In Antiquity, Diocaesarea, or Olba, was well-known for its temple of Zeus, which was rebuilt in c.300 BCE by Seleucus I Nicator, the founder of the Seleucid Empire. At that moment, Olba was already an ancient town. It had been the capital of a small, independent state named Pirindu, which had been annexed by the Achaemenid Empire. Why Seleucus decided to rebuilt this sanctuary, has not been not recorded.
It appears that Seleucus also (re)founded the town itself, because it is of a design that was also used in several other Seleucid cities. This design consisted of a straight and wide main street (usually called "Colonnaded Street"); the course of the walls was determined by the shape of the site; and there was a citadel on a hill top - although in Diocaesarea it was not very pronounced. The same arrangements can be found in Syrian cities like Apamea, Chalcis, Cyrrhus, Dura Europos, and Damascus.
The Colonnaded Street was about 250 meters long. The remains of an ancient arch at the beginning of this street are still there. It has interesting consoles on its pillars, which once carried statues.
According to a legend told by the Greek geographer Strabo,note the original temple of Zeus Olbius had been founded by Ajax, one of the Greek heroes of the Trojan War. The priests belonged to the Teucrid dynasty: every man of this family was called either Ajax or Teucer. Ruled by these priests, Olba remained a small theocracy during the Seleucid age.

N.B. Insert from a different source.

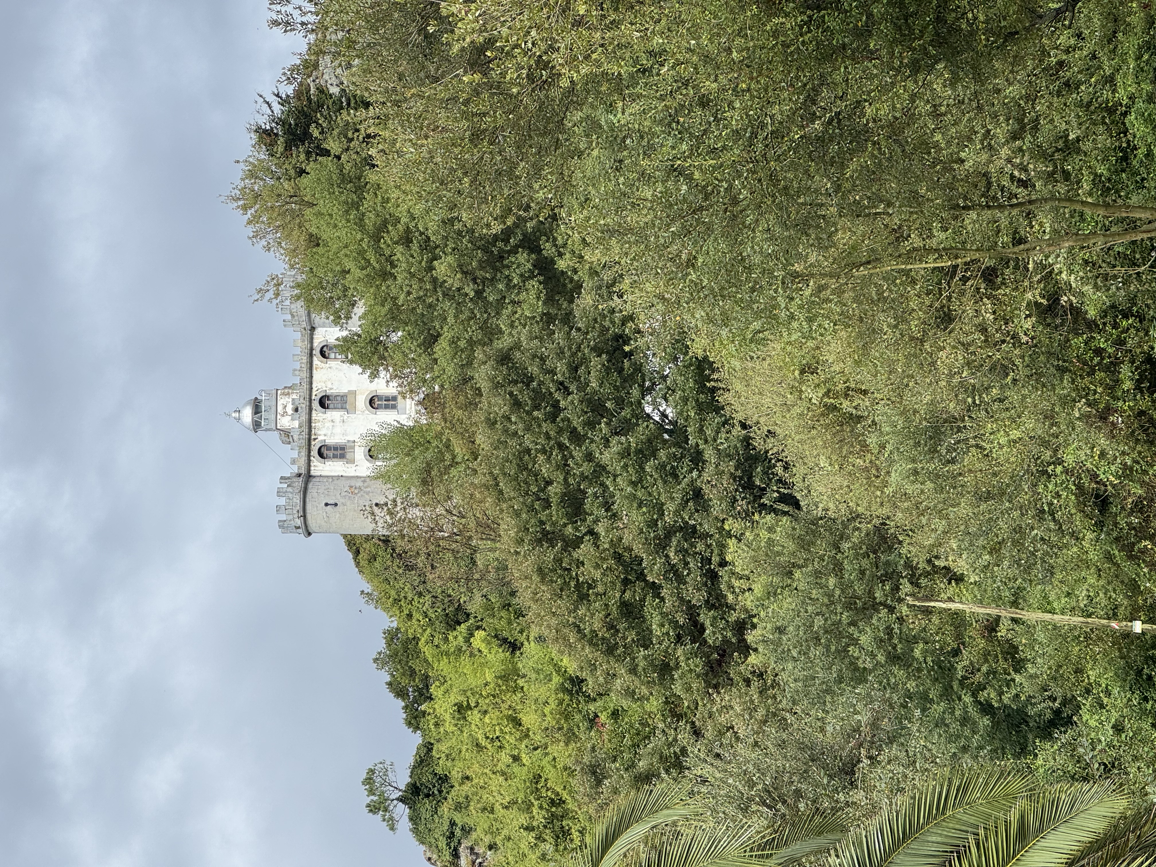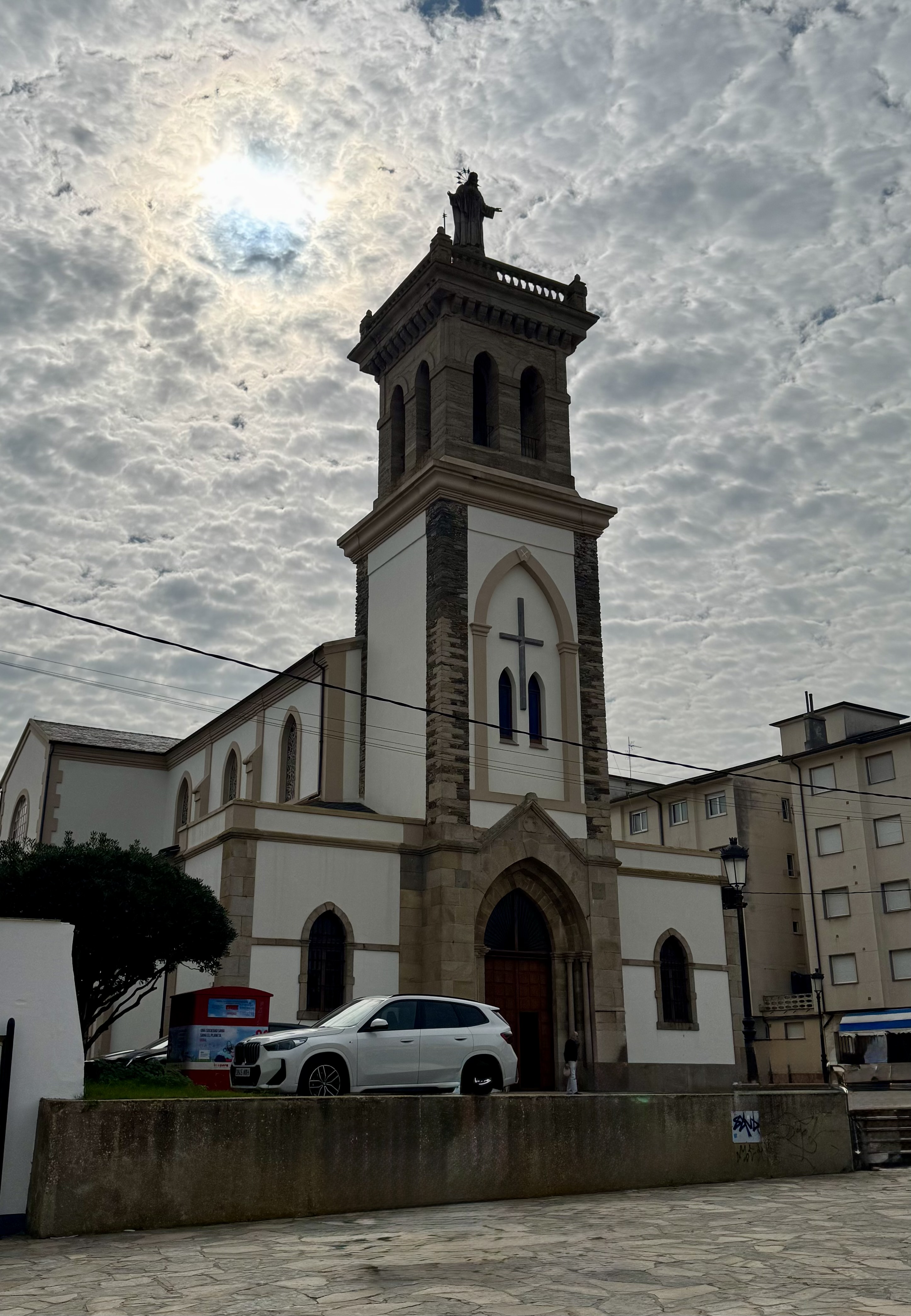 Zwischendurch eine offene Kirche in Tapia de Casariego, mit einer Jesus-Figur auf dem Kirchturm, anstelle eines Kreuzes. Und sie ist offen, heute ist Feiertag im Spanien und Gottesdienst. Ich nutze die Möglichkeit für ein stilles Gebet.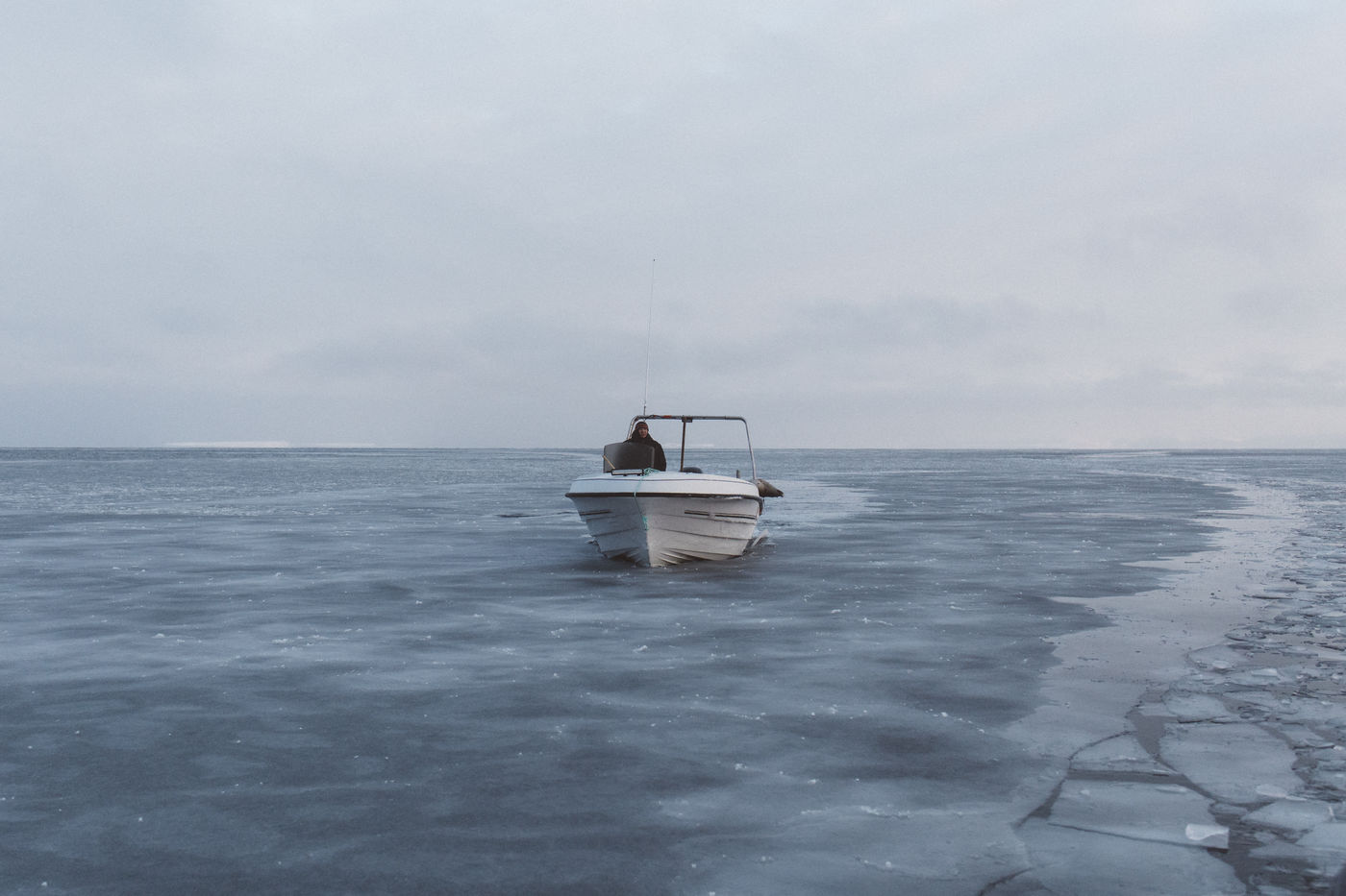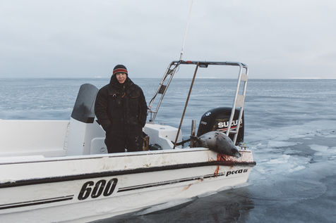Après plusieurs heures de navigation, pas de traces de narvals. Les chasseurs rentreront au port déçu, malgré les quatre phoques qu'ils ont pu chasser. Une fois les bateaux solidement attachés, ils jettent les phoques à l'eau pour éviter qu'ils congèlent et les voilà partis se réchauffer quelques minutes.

Several monuments date back to this period. One of these is the big tower, which was built in the second half of the third century BCE. The inhabitants were very proud of this building, putting a picture of it on their coins. It is still the most remarkable monument in the neighborhood and the modern town, Uzuncaburç, was named after it ("tall tower"). It is at the highest point of the city, which may have been the citadel.
When the Romans appeared on the stage after their war against the Cilician pirates (67 BCE), they accepted the town's autonomy. The name "Diocaesarea" was adopted during the reign of the emperor Vespasian (r.69-79). During his reign or the reign of his son Domitian (i.e., between 69 and 96), a temple of Tyche was given as a present to the city by a man and a woman named Oppius and Kyria, his wife. The cult may be older, though, because the Colonnaded Street leads up to it, suggesting that the road was oriented on the sanctuary.

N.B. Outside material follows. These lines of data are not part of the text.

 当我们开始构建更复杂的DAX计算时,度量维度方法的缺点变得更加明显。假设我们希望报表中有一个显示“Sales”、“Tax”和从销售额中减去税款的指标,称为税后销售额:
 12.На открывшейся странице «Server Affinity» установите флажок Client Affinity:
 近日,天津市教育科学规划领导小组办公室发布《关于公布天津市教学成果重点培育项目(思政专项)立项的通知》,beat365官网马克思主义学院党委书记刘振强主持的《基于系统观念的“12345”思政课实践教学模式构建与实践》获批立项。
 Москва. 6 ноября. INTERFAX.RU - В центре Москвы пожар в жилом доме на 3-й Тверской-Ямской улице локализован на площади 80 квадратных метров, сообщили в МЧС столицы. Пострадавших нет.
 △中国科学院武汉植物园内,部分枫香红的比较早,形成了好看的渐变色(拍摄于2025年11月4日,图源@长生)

Among the other monuments that you can still see, is the nymphaeum (monumental fountain), which was once decorated with statues that are now missing. The aqueduct, which is about twenty kilometers long, is still functioning and serves a number of villages in the neighborhood. The Roman theater was, according to an inscription, built during the reign of the emperors Marcus Aurelius and Lucius Verus, i.e. between 161 and 169. Some 2500 people could find a seat.
One of the youngest monuments is the northwestern city gate. An inscription states that it was erected during the reign of the emperor Arcadius (r.395-408). It is about 32 meters wide and 12 meters high; the width of the wall is just over one meter. Still, it may have served as a real fortification, because this was the age of the Isaurians, inhabitants of the mountains of Cilicia, who were a permanent threat to the Roman interests in this part of Anatolia.
In this age, the temple of Zeus was converted into church, which explains why it is still quite well-preserved.